[Records from a data collection]
--- --- ---
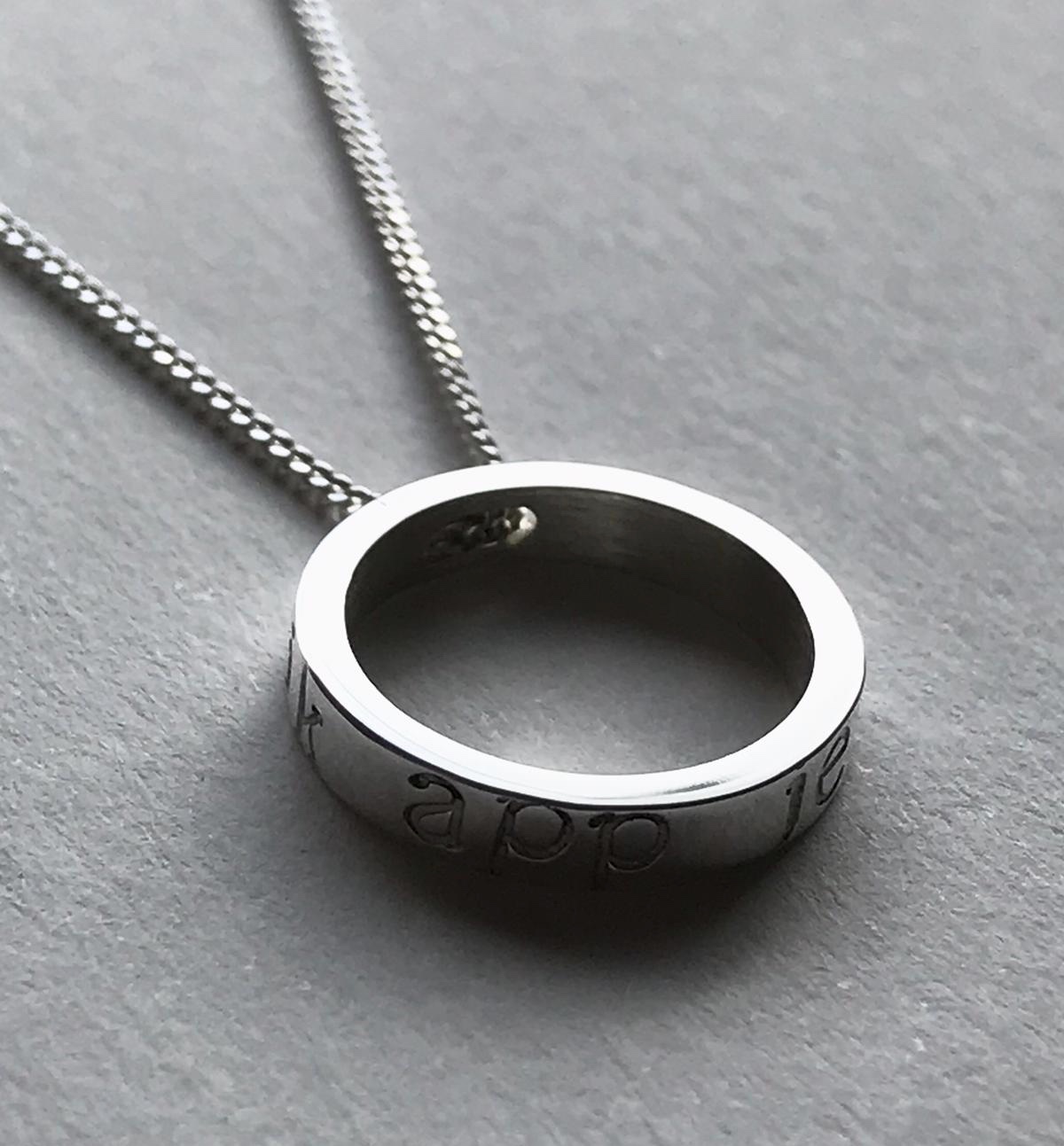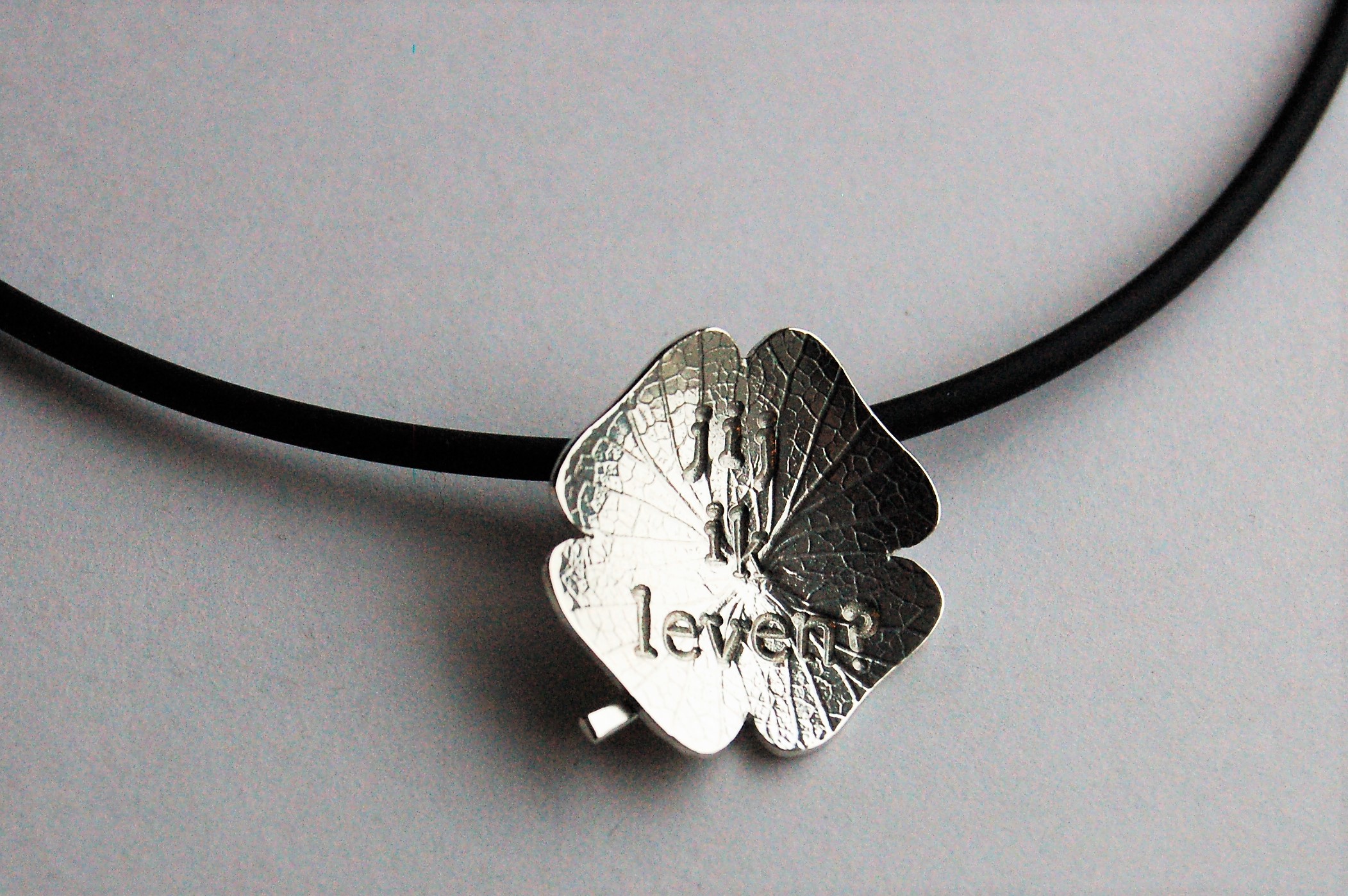 leef je in leef je uit | hoogte 18 mm | zilveren hanger 70 euro | zilveren kettinkje 20 euro
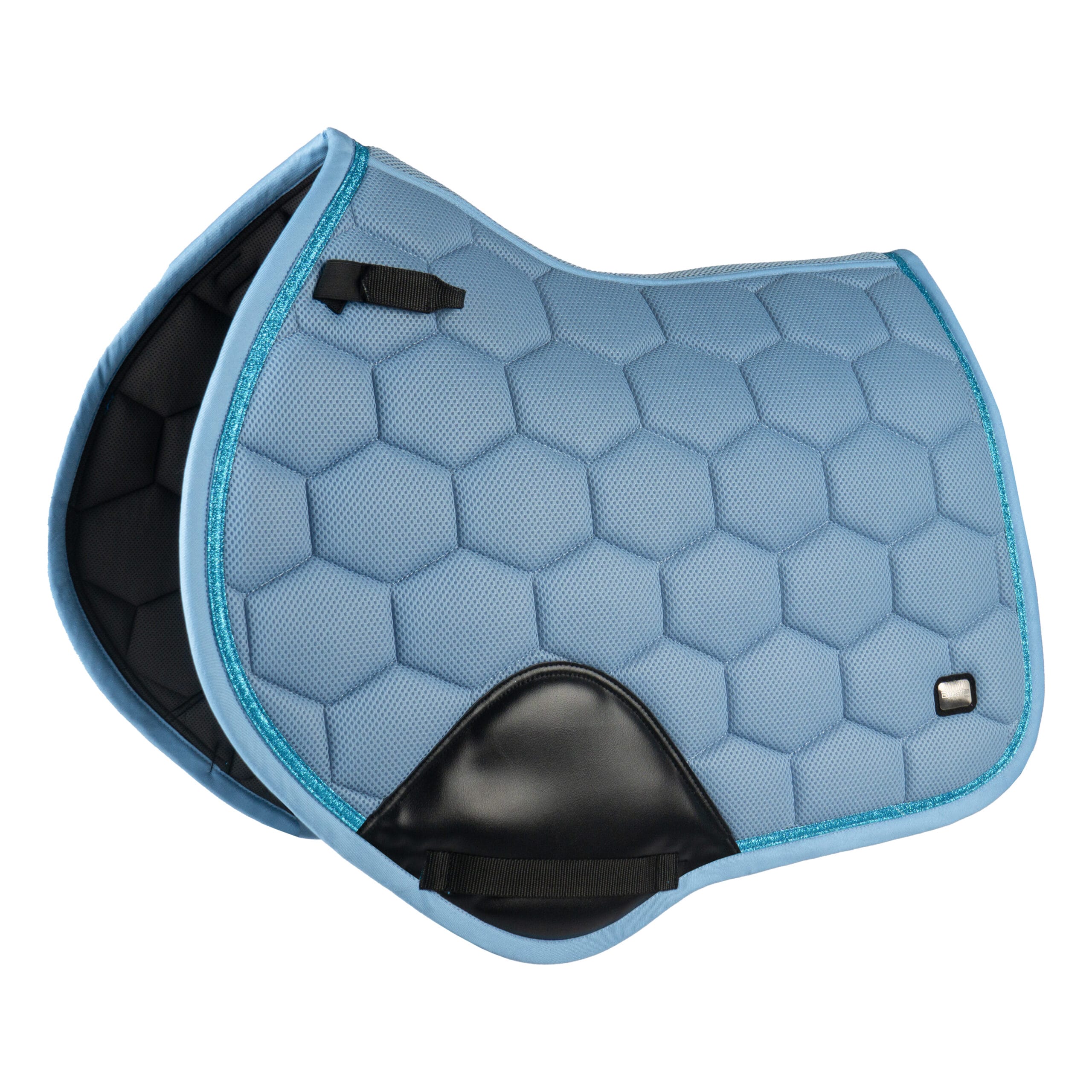 Sportief spring en veelzijdigheidsdekje van mesh materiaal afgewerkt met tonal glitterdetails voor een luxe uitstraling. De ergonomische vorm met hoge schoft zorgt voor een fijne pasvorm. Productspecificaties:< Ademend zadeldek van mesh Tonal glitter details Optimale vorm met hoge schoft Materiaal:< Buitenzijde: 100% polyester binding: 100% katoen glitterdetail: 100% polypropyleen
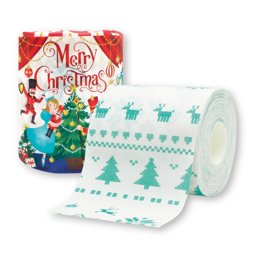 ペーパーにもクリスマス柄のプリントが入ったトイレットペーパーです。(シングル)
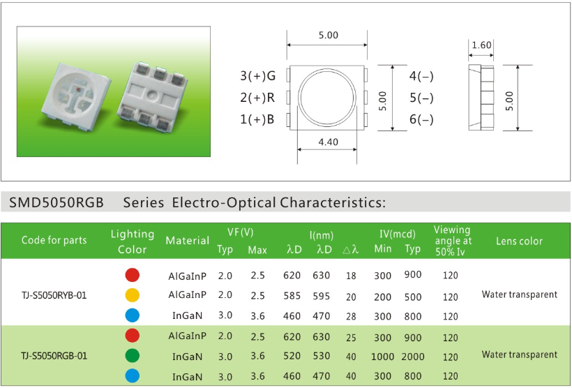 贴片5050RGB六脚led灯珠产品特征:●功耗低●亮度高●低衰减●高效能●超长寿命●多种色彩可选择;可用于包含电子产品背光源、高端数码家电;指示灯如工业设备、智能家居、通讯设备、汽车内饰等。
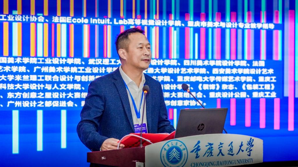 重庆大学艺术学院夏进军副院长介绍了艺工融合的设计创新案例。
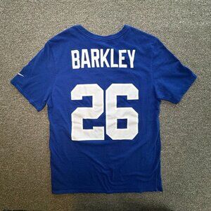 The product is a Nike men's XL T-shirt in blue, featuring Saquon Barkley's number 26 and the logo of the New York Giants. This officially licensed NFL fan apparel is made with Dri-Fit technology for comfort during football games or everyday wear. The shirt is a perfect choice for fans of both Saquon Barkley and the New York Giants, showcasing team pride and support for one of the league's standout players. This high-quality garment is designed by Nike and manufactured in Nicaragua.
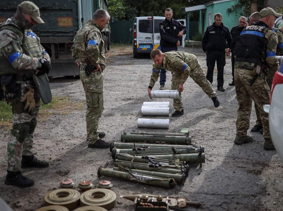 A police sapper carries a cassette with anti-personnel mines POM-3 after return from the village of Udy, recently liberated by Ukrainian Armed Forces, in the town of Zolochiv, Kharkiv region, Ukraine September 12, 2022. REUTERS/Gleb Garanich
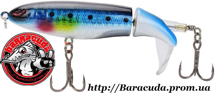 Воблер воппер 10 см, цвет - бело-голубые бока в черную точечку, спинка черная, живот белый. Вращающийся хвост на 360 градусов, чтобы привлекать рыбу с дальних дистанций, на которых приманка не может быть обнаружена при помощи зрения.
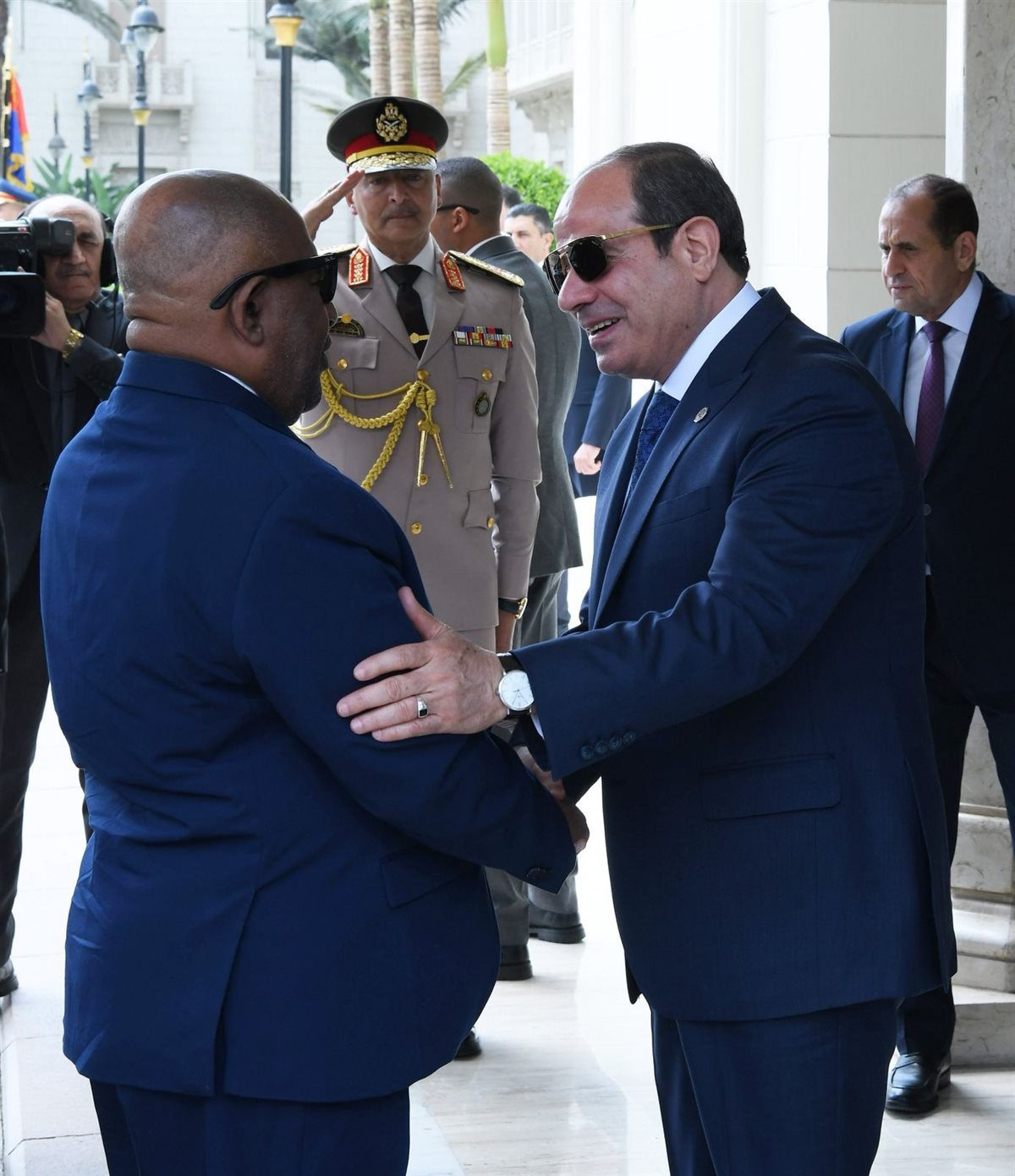 كما استقبل الرئيس عبد الفتاح السيسي، اليوم بقصر الاتحادية، عثمان غزالي، رئيس جمهورية القُمر المتحدة، حيث أقيمت مراسم الاستقبال الرسمية وتم عزف السلامين الوطنيين.
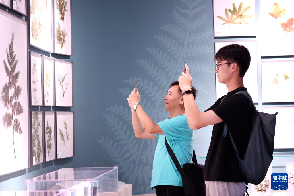 10月4日,游客在浙江自然博物院参观拍照。
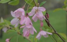 | This perfectly named flowering cherry features clusters of pink blossom hanging like pink shells. | |
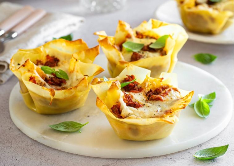 - Bake for 20-25 minutes until the lasagne cups are bubbling and golden brown.
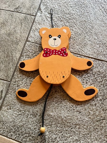 Denne uro er formet som en bamse i træ. Den har bevægelige arme og ben, der styres af en snor forneden. Bamsen er orange med en rød butterfly med hvide prikker.
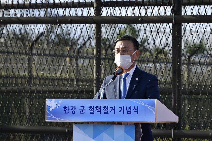 | ▲정하영 김포시장이 10일 열린 ‘한강 철책철거 기념식’에서 “철책철거는 한강하구 일대의 역사와 번영을 되찾고 남북교류와 협력의 새로운 물꼬를 트는 일”이라고 말했다. 김포시 제공 |
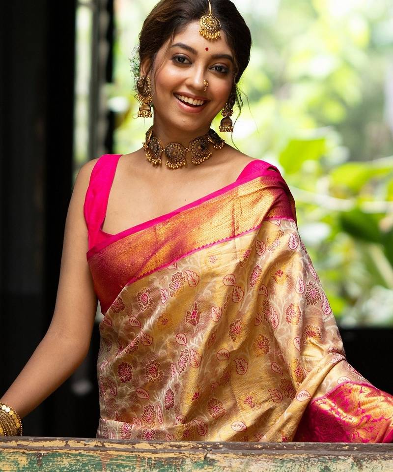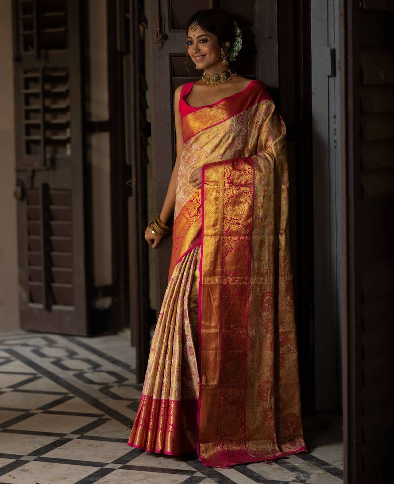 Gold floral, zari work faux kanjivaram semi silk saree with blouse
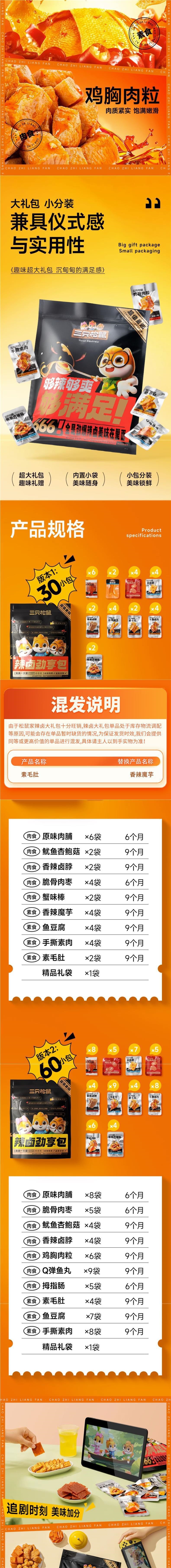 三只松鼠辣卤礼包100包零食大礼包整箱卤味肉类夜宵出游小吃
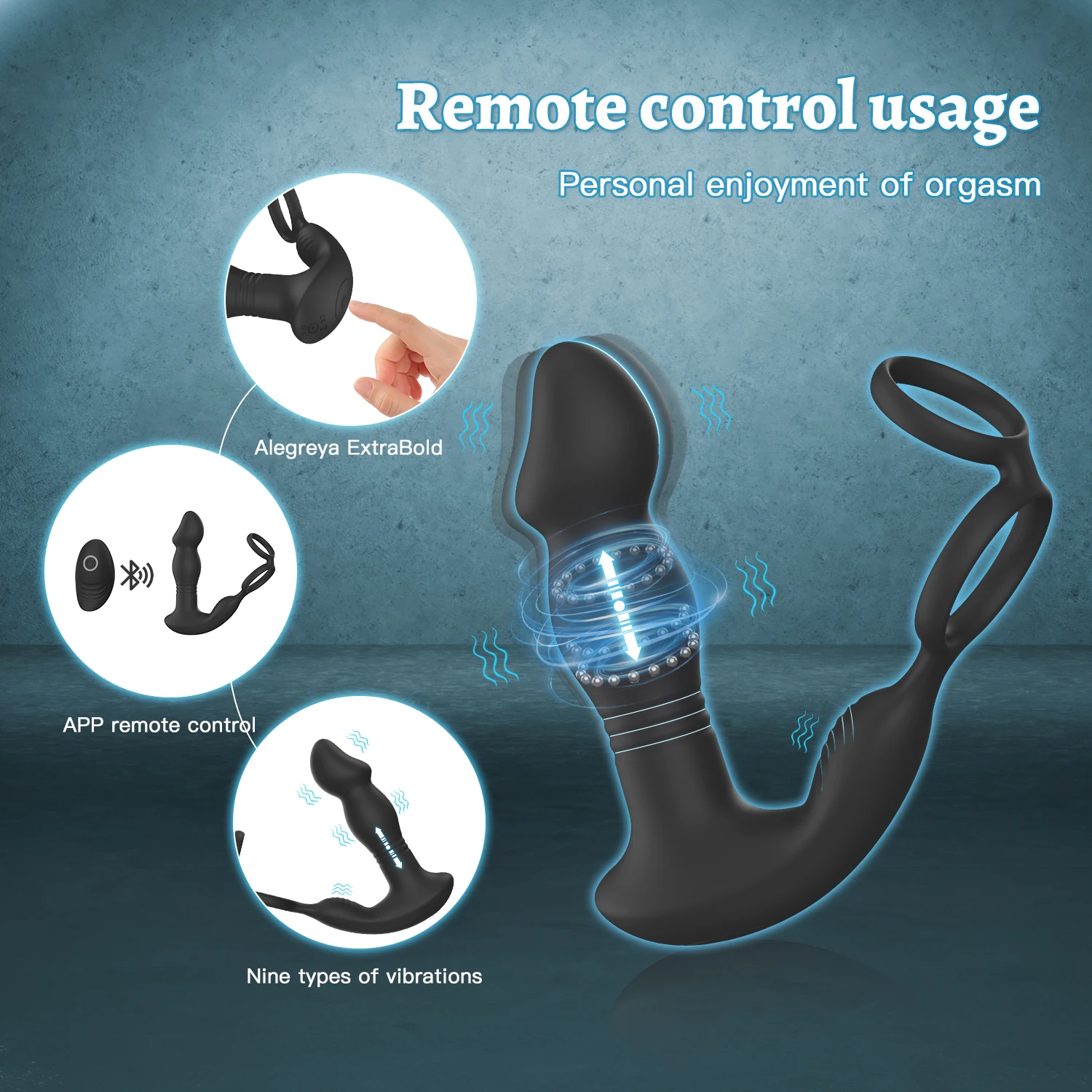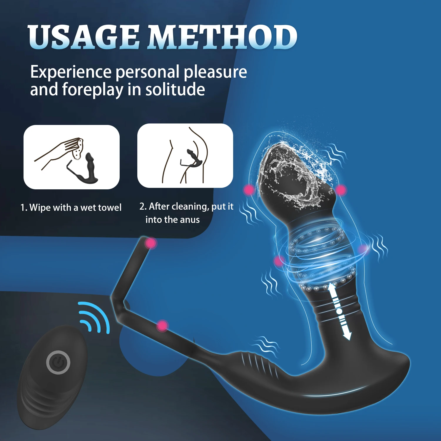 Function: 10+10 vibration modes,Main body rowing and end swaying+cock ring ,wireless control
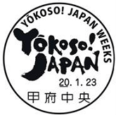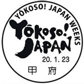 | 押印機 | 【甲府中央郵便局名によるもの】 〒100-8799 東京都千代田区丸の内2-7-2 東京中央中便局 気付 甲府中央郵便局 「YOKOSO! JAPAN・押印機(甲府中央局)」郵頼担当係 |
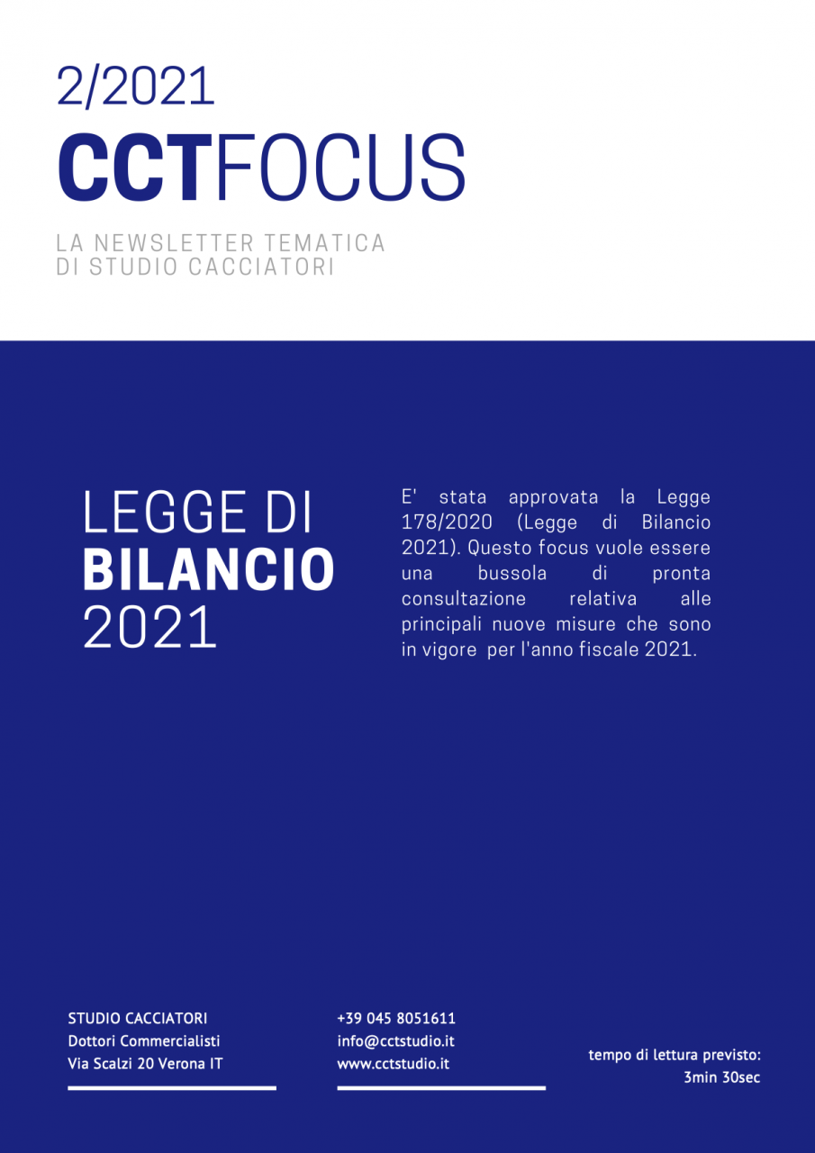 È stata approvata la legge 178/2020 (Legge di Bilancio 2021). Questo focus vuole essere una bussola di pronta consultazione relativa alle principali nuove misure che sono in vigore per l'anno ...
--- --- ---
Exercise prompt: Verbatim output of every entry above is required, though pictures are to be left out.

Answer area:
 leef je in leef je uit | hoogte 18 mm | zilveren hanger 70 euro | zilveren kettinkje 20 euro
 Sportief spring en veelzijdigheidsdekje van mesh materiaal afgewerkt met tonal glitterdetails voor een luxe uitstraling. De ergonomische vorm met hoge schoft zorgt voor een fijne pasvorm. Productspecificaties:< Ademend zadeldek van mesh Tonal glitter details Optimale vorm met hoge schoft Materiaal:< Buitenzijde: 100% polyester binding: 100% katoen glitterdetail: 100% polypropyleen
 ペーパーにもクリスマス柄のプリントが入ったトイレットペーパーです。(シングル)
 贴片5050RGB六脚led灯珠产品特征:●功耗低●亮度高●低衰减●高效能●超长寿命●多种色彩可选择;可用于包含电子产品背光源、高端数码家电;指示灯如工业设备、智能家居、通讯设备、汽车内饰等。
 重庆大学艺术学院夏进军副院长介绍了艺工融合的设计创新案例。
 The product is a Nike men's XL T-shirt in blue, featuring Saquon Barkley's number 26 and the logo of the New York Giants. This officially licensed NFL fan apparel is made with Dri-Fit technology for comfort during football games or everyday wear. The shirt is a perfect choice for fans of both Saquon Barkley and the New York Giants, showcasing team pride and support for one of the league's standout players. This high-quality garment is designed by Nike and manufactured in Nicaragua.
 A police sapper carries a cassette with anti-personnel mines POM-3 after return from the village of Udy, recently liberated by Ukrainian Armed Forces, in the town of Zolochiv, Kharkiv region, Ukraine September 12, 2022. REUTERS/Gleb Garanich
 Воблер воппер 10 см, цвет - бело-голубые бока в черную точечку, спинка черная, живот белый. Вращающийся хвост на 360 градусов, чтобы привлекать рыбу с дальних дистанций, на которых приманка не может быть обнаружена при помощи зрения.
 كما استقبل الرئيس عبد الفتاح السيسي، اليوم بقصر الاتحادية، عثمان غزالي، رئيس جمهورية القُمر المتحدة، حيث أقيمت مراسم الاستقبال الرسمية وتم عزف السلامين الوطنيين.
 10月4日,游客在浙江自然博物院参观拍照。
 | This perfectly named flowering cherry features clusters of pink blossom hanging like pink shells. | |
 - Bake for 20-25 minutes until the lasagne cups are bubbling and golden brown.
 Denne uro er formet som en bamse i træ. Den har bevægelige arme og ben, der styres af en snor forneden. Bamsen er orange med en rød butterfly med hvide prikker.
 | ▲정하영 김포시장이 10일 열린 ‘한강 철책철거 기념식’에서 “철책철거는 한강하구 일대의 역사와 번영을 되찾고 남북교류와 협력의 새로운 물꼬를 트는 일”이라고 말했다. 김포시 제공 |
 Gold floral, zari work faux kanjivaram semi silk saree with blouse
 三只松鼠辣卤礼包100包零食大礼包整箱卤味肉类夜宵出游小吃
 Function: 10+10 vibration modes,Main body rowing and end swaying+cock ring ,wireless control
 | 押印機 | 【甲府中央郵便局名によるもの】 〒100-8799 東京都千代田区丸の内2-7-2 東京中央中便局 気付 甲府中央郵便局 「YOKOSO! JAPAN・押印機(甲府中央局)」郵頼担当係 |
 È stata approvata la legge 178/2020 (Legge di Bilancio 2021). Questo focus vuole essere una bussola di pronta consultazione relativa alle principali nuove misure che sono in vigore per l'anno ...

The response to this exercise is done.